Às vezes fico pensando no tanto que o mundo melhoraria se as mulheres estivessem predominantes em seu comando. Não mulheres servindo a interesses eminentemente masculinos ou reproduzindo as formas com que os homens exercem o poder, mas mulheres sendo mulheres, com as peculiaridades da potência feminina presentes em sua humanidade.

Esses pensamentos afloram sempre que deparo com atividades em que há mulheres diretamente envolvidas e nas quais percebo a diferença nas atitudes diante do que precisa ser feito, em como fazer e nas relações interpessoais e com o meio ambiente. O mais relevante para essa minha agradável sensação não é o tamanho da atividade, mas o quanto de substância da natureza da mulher está ativo em sua realização.

No sábado passado (3), subi o Maciço de Baturité com a Andréa, cujo trabalho como educadora, que acompanho pelos muitos anos que temos de vida a dois, reforça em mim essa ideia de que o compromisso da sapiência feminina com o que faz tem características especiais, para um encontro com as irmãs Concília, Letícia, Cristiana e Mirtha, seus sorrisos fartos e suas atitudes.
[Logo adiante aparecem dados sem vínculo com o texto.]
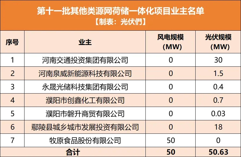 日前,河南发改委发布《关于实施第十一批源网荷储一体化项目的通知》。本次共49个项目纳入实施范围,其中,工业企业类34个、农村地区类3个、项目信息变更及其他类12个。梳理得出,工业企业类、农村地区类、其他类三类源网荷储项目,风电规模301.15MW,光伏规模150.28MW,风、光合计451.43MW。业主如下:根据此前梳理,河南省前十批源网荷储项目规模7.237GW,加上第十一批451.43MW,累计7.688GW。原文如下::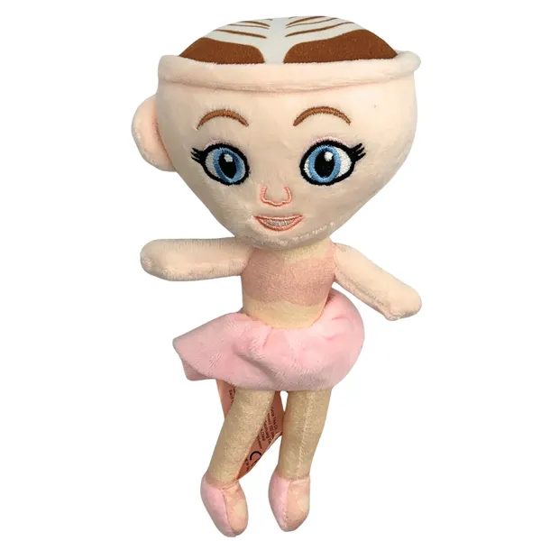 Detale takie jak haftowane oczy, puszysta spódniczka i śmieszny wzór latte art na głowie sprawiają, że maskotka wyróżnia się spośród zwykłych zabawek.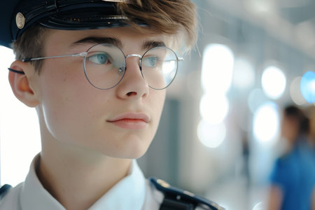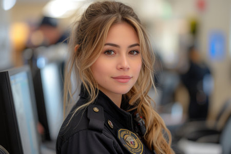 A young Caucasian policewoman in the precinct office radiates focus and approachability, her presence highlighted against the backdrop of daily law enforcement operations. A.I.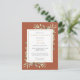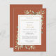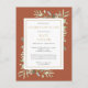 Eine elegante personalisierte Feier des Lebens Gedenkfeier Beerdigung Einladung Postkarte mit botanischem Aquarell grüne Blattwerk auf Terrakotta Hintergrund. Entwickelt von Thisisnotme©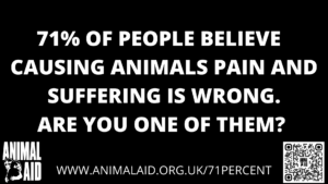 A recent ‘One Poll’, commissioned by Animal Aid, has shown that the majority of people believe that it is always wrong to cause animals pain and suffering.
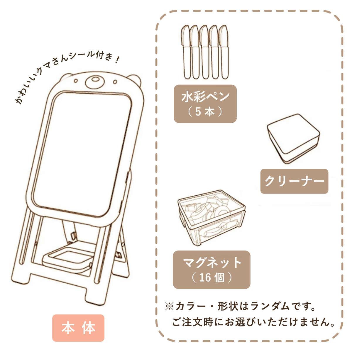 | 内容量 | 1台 付属品:取扱説明書、水彩ペン(5本)、マグネット(16個)、クリーナー、くまさんの耳(2枚)、くまさんの鼻シール(1枚) |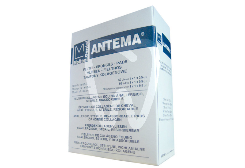 30 days return guaranteeANTEMA COLLAGENE is a hemostatic collagen felt made of purified equine collagen, designed as an adjunct to help control capillary bleeding in dental procedures. The 1 x 1 cm format is intended for placement in small surgical sites, commonly in dentoalveolar surgery and tooth extractions. Sales format: 1 blister containing 50 pieces (1 x 1 cm).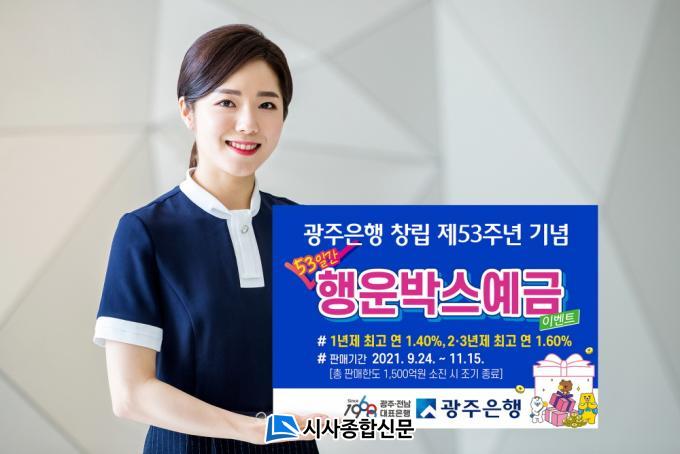 ±¤ÁÖÀºÇàÀº Áö³ 8¿ù 18ÀϺÎÅÍ 9¿ù 23ÀϱîÁö ÃÑ 1õ¾ï¿ø Çѵµ·Î Á¤±â¿¹±Ý¿¡ Ãß°¡ ¿ì´ë±Ý¸®¸¦ Á¦°øÇϴ Ưº°ÆÇ¸Å¸¦ ¸¶°¨ÇÏ¿´À¸¸ç, °í°´µéÀÇ Ãß°¡¿äû ¹× ⸳ 53Áֳ⿡ ¸ÂÃç Æ¯ÆÇ¿¹±ÝÀ» Ãß°¡·Î ÆÇ¸ÅÇÑ´Ù°í ¹àÇû´Ù.

O Sítio Veredas, localizado no município de Mulungu, a 120 km de Fortaleza, com altitude de 800 metros acima do nível do mar, é o lugar onde um legado de café de sombra se revitaliza pela força dessas mulheres. Das quatro, três são muluguenses, e Mirtha, a caçula, é fortalezense, porém com muito tempo de infância ao lado das irmãs no cafezal do avô, Seu Otávio, e da avó, Dona Mundinha, que moravam ali pertinho, no Sítio Humaitá.

Todas são apaixonadas por roça e culinária. Há tempos que a Cristiana largou o trabalho em um banco para atuar com alimentação; experiência que a levou a criar a conceituada confeitaria Flor do Café, em Fortaleza. Enquanto isso, as demais seguiam suas vidas profissionais: Concília trabalhando em uma loja de objetos de arquitetura, Letícia na missão do ensino infantil e Mirtha como representante comercial em Pernambuco.

Com o caos psicossocial e econômico instalado devido à pandemia de covid (2020 a 2022), as quatro irmãs encontraram refúgio na serra. O contato com a roça de café dos avós despertou nelas a vontade de conhecer melhor aquela cultura da qual traziam o aroma em suas memórias afetivas. Passaram, então, a procurar conhecer tudo sobre cafeicultura, desde o cultivo até a preparação do produto a ser saboreado.

Café de sombra no Sítio Veredas, em Mulungu, Ceará.

Dessa circunstância viabilizou-se a compra do Sítio Veredas, como recanto de volta ao contato direto com a terra, e a criação da marca de café Humaitá, que tem Mirtha, Concília e Letícia como empreendedoras, cada qual dando seu jeito para elastecer o tempo a fim de cuidar de toda a produção. Cristiana está junto nessa aventura, e contribui vendendo o Humaitá em sua confeitaria.

Nesse negócio só de mulheres, a busca por produtividade tem seu valor, mas o que determina mesmo essa experiência é a circulação que elas se permitem fazer por dentro das próprias lembranças. Por conseguinte, divertem-se cuidando da terra, fazendo a colheita manual seletiva dos frutos maduros, a secagem acurada e o processo de torra média, que deixa o café menos ácido e mais intenso, assegurando um produto orgânico puro e saboroso, bom de tomar sem adição de açúcar.

Há muito anos não encontrávamos com essas quatro irmãs queridas, embora na nossa casa não falte o bolo de creme de leite da Flor do Café. Conhecemo-nos na década de 1990, quando eu integrava a curadoria do projeto Sexta com Arte, do Sindicato dos Jornalistas. Elas estavam sempre lá e costumavam pedir ao Tarcísio Sardinha (1964 – 2022) que tocasse “Som de Carrilhões”, de João Pernambuco (1883 – 1947), música que se tornou a trilha sonora da nossa amizade como um inesquecível aroma de café.